Copilot commented on code in PR #38698:
URL: https://github.com/apache/superset/pull/38698#discussion_r2955019182
##########
superset/config.py:
##########
@@ -2057,6 +2057,9 @@ def EMAIL_HEADER_MUTATOR( # pylint:
disable=invalid-name,unused-argument # noq
SQL_VALIDATORS_BY_ENGINE = {
"presto": "PrestoDBSQLValidator",
"postgresql": "PostgreSQLValidator",
+ # "sqlite": "SQLiteSQLValidator",
+ # "gsheets": "SQLiteSQLValidator",
Review Comment:
These engine→validator mappings are commented out, so the new SQLite
validator won’t actually be used in SQL Lab by default (and the validate_sql
endpoint will still report “no SQL validator is configured” for
sqlite/gsheets/shillelagh). If the intent is to ship this feature enabled,
these should be active entries; if the intent is opt-in, it would help to
clarify that in the PR description and/or add a brief comment explaining how to
enable it safely (eg requiring the `apache-superset[sqlite]` extra).
##########
tests/unit_tests/sql_validators/sqlite_test.py:
##########
@@ -0,0 +1,270 @@
+# Licensed to the Apache Software Foundation (ASF) under one
+# or more contributor license agreements. See the NOTICE file
+# distributed with this work for additional information
+# regarding copyright ownership. The ASF licenses this file
+# to you under the Apache License, Version 2.0 (the
+# "License"); you may not use this file except in compliance
+# with the License. You may obtain a copy of the License at
+#
+# http://www.apache.org/licenses/LICENSE-2.0
+#
+# Unless required by applicable law or agreed to in writing,
+# software distributed under the License is distributed on an
+# "AS IS" BASIS, WITHOUT WARRANTIES OR CONDITIONS OF ANY
+# KIND, either express or implied.
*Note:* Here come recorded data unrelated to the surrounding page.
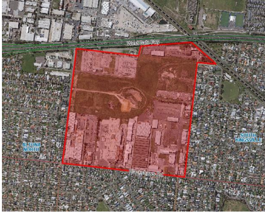
Bản đồ 1 Khu vực 15 và vùng lân cận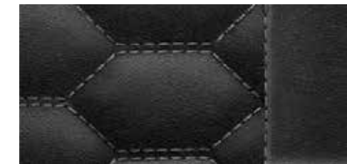
ブラック(ロックグレーステッチ) [ファインナッパレザー]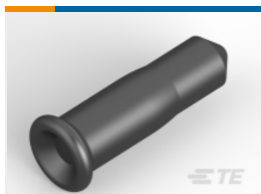
TE 产品编号 1-5645956-1 SOCKET,MIN-SPR B-N SN-SN SER-2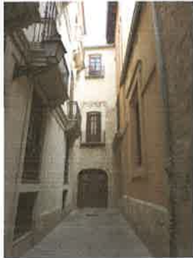
Vista del atzucat lateral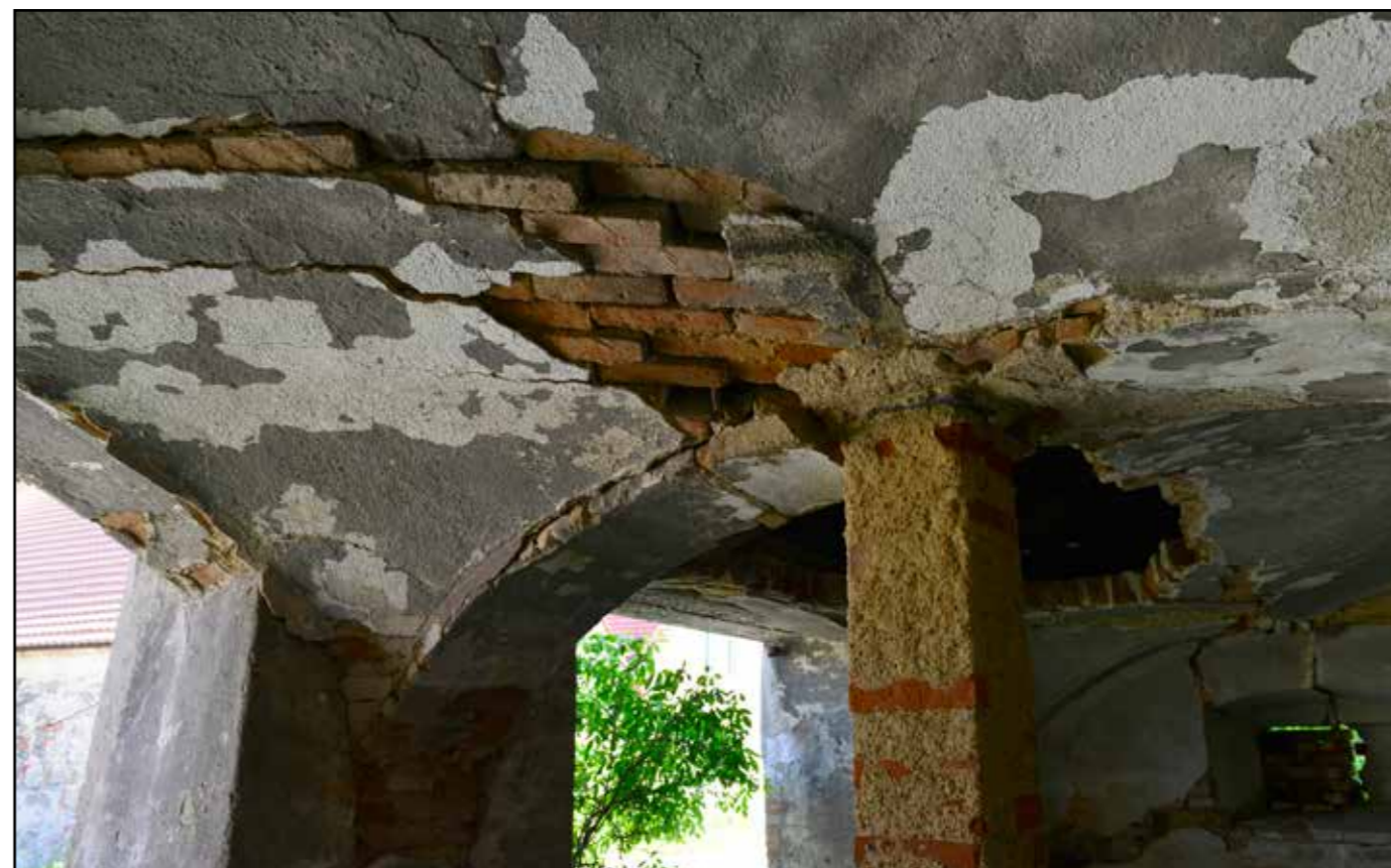
Interiér stájí – detail poškozené klenby, 2022.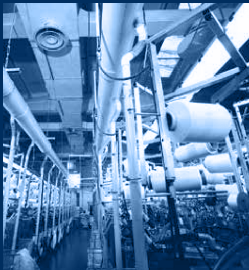
interno tessitura / inside of weaving department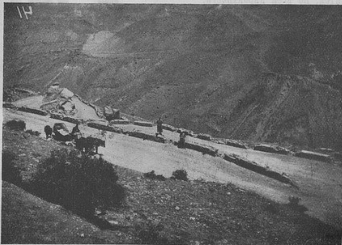
Эззели-Тегеранская дорога. Спускъ къ ст. Мулла-али. (Къ ст. «Гребенцы въ Персіи»).

Двадцатидневный переходъ до Рустамъ-абада штабъ гребенскаго полка совершилъ легко, шутя, и къ 3 час. дня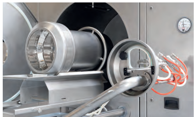
Wechseltrommel 2 l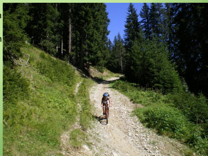
Silvia bei der Abfahrt nach Klosters Dorf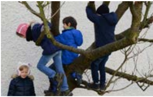
Immer voller Kletterbaum am Pfarrplatz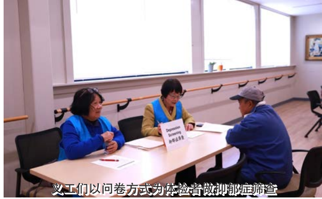
义工们以问卷方式为体检者做抑郁筛查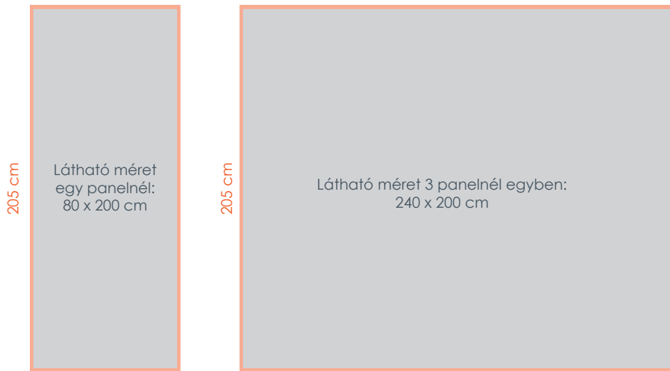
Kifutós méret: 244 cm

A 3 db-ból álló szerkezet összekapcsolva egyben és külön is használható, egyenes és íves összeállításban is.

See the License for the
+# specific language governing permissions and limitations
+# under the License.
+
+from __future__ import annotations
+
+from subprocess import CompletedProcess
+from unittest.mock import MagicMock, patch
+
+import pytest
+
+from superset.sql_validators.sqlite import SQLiteSQLValidator
+
+
+def _mock_result(
+ returncode: int,
+ stderr: str = "",
+ stdout: str = "",
+) -> CompletedProcess[str]:
+ return CompletedProcess(
+ args=[],
+ returncode=returncode,
+ stdout=stdout,
+ stderr=stderr,
+ )
+
+
+def test_valid_syntax() -> None:
+ mock_database = MagicMock()
+ sql = "SELECT 1, col FROM my_table"
+
+ with (
+ patch(
+ "superset.sql_validators.sqlite.get_binary_path",
+ return_value="syntaqlite",
+ ),
+ patch(
+ "superset.sql_validators.sqlite.subprocess.run",
+ return_value=_mock_result(returncode=0),
+ ) as run,
+ ):
+ annotations = SQLiteSQLValidator.validate(
+ sql=sql,
+ catalog=None,
+ schema="",
+ database=mock_database,
+ )
+
+ assert annotations == []
+ run.assert_called_once()
+ command = run.call_args.args[0]
+ assert "--input" not in command
+ assert "-e" not in command
+ assert run.call_args.kwargs["input"] == sql
+
+
+def test_invalid_syntax_single_error() -> None:
+ mock_database = MagicMock()
+ stderr = (
+ 'error: near "SELEC": syntax error\n'
+ " --> <input>:1:1\n"
+ " |\n"
+ "1 | SELEC * FROM foo\n"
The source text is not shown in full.